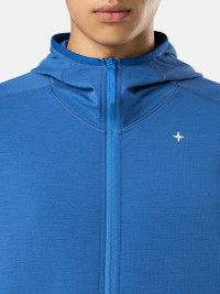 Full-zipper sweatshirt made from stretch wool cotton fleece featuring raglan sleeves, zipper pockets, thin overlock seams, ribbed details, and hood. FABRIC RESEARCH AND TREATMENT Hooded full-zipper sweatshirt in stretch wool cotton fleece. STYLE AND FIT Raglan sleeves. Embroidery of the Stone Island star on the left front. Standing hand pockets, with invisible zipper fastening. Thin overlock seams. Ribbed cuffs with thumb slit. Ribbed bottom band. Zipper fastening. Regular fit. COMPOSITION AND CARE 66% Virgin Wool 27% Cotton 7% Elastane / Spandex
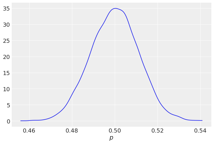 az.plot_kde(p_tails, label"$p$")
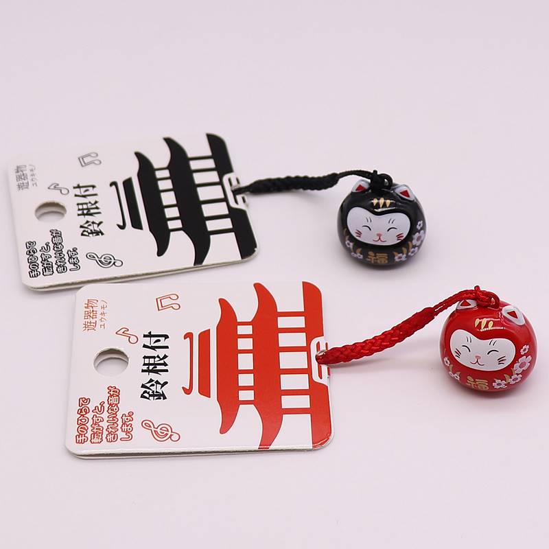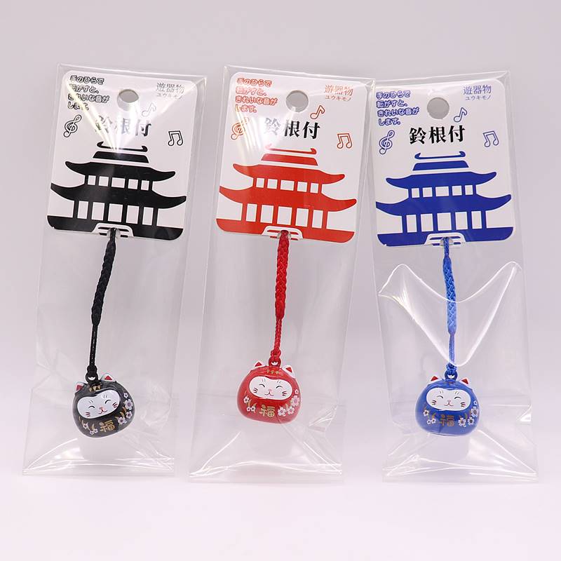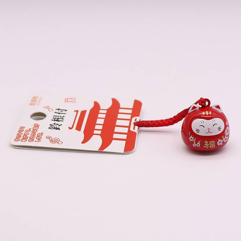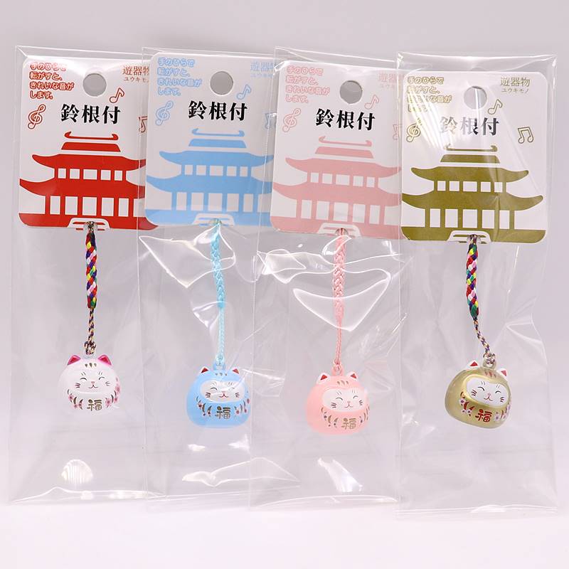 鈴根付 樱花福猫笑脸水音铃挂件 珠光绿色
··········
Set down the material above exactly as written, but not the pictures.

 Full-zipper sweatshirt made from stretch wool cotton fleece featuring raglan sleeves, zipper pockets, thin overlock seams, ribbed details, and hood. FABRIC RESEARCH AND TREATMENT Hooded full-zipper sweatshirt in stretch wool cotton fleece. STYLE AND FIT Raglan sleeves. Embroidery of the Stone Island star on the left front. Standing hand pockets, with invisible zipper fastening. Thin overlock seams. Ribbed cuffs with thumb slit. Ribbed bottom band. Zipper fastening. Regular fit. COMPOSITION AND CARE 66% Virgin Wool 27% Cotton 7% Elastane / Spandex
 az.plot_kde(p_tails, label"$p$")
 鈴根付 樱花福猫笑脸水音铃挂件 珠光绿色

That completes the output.